- THE DATA:
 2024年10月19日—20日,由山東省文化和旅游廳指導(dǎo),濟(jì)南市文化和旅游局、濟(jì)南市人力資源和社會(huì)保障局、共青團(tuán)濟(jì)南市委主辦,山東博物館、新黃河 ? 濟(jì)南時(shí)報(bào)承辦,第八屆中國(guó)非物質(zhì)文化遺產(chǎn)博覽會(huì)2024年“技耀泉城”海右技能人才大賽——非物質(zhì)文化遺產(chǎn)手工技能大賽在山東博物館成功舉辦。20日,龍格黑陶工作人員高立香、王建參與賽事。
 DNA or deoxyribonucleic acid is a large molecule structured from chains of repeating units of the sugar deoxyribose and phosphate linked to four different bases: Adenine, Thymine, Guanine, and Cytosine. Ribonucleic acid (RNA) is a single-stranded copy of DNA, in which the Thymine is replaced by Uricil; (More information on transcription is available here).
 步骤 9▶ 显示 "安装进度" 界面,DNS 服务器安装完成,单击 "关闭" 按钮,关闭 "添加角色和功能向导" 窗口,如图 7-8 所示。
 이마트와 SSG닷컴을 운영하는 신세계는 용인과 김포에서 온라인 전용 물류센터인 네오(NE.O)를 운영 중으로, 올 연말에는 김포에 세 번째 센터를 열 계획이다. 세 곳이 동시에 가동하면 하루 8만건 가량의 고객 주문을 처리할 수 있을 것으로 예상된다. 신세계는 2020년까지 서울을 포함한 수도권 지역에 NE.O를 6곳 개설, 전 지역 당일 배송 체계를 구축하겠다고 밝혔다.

* * *

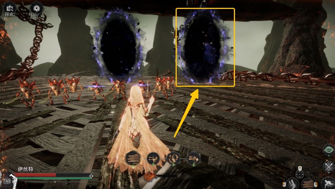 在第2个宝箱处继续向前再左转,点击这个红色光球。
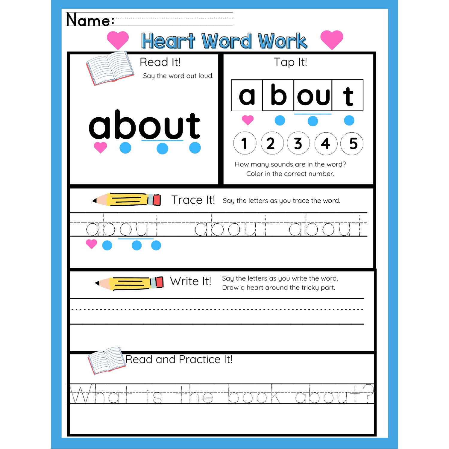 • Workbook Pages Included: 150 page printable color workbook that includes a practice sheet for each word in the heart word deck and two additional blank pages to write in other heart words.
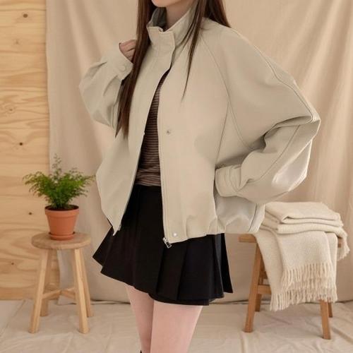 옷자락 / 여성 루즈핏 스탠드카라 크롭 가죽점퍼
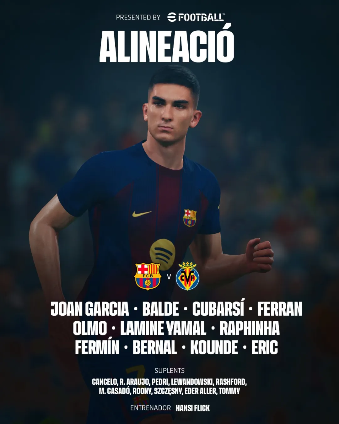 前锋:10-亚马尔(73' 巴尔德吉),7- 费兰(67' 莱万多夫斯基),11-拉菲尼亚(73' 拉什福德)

- WHAT IS NEEDED:
Set the pictures aside and reproduce exactly the lines above, from the line holding "other heart words." through the line holding "前锋:10-亚马尔(73' 巴尔德吉),7- 费兰(67'", both included, with nothing else.

- SOLUTION TO THE PROBLEM:
 • Workbook Pages Included: 150 page printable color workbook that includes a practice sheet for each word in the heart word deck and two additional blank pages to write in other heart words.
 옷자락 / 여성 루즈핏 스탠드카라 크롭 가죽점퍼
 前锋:10-亚马尔(73' 巴尔德吉),7- 费兰(67' 莱万多夫斯基),11-拉菲尼亚(73' 拉什福德)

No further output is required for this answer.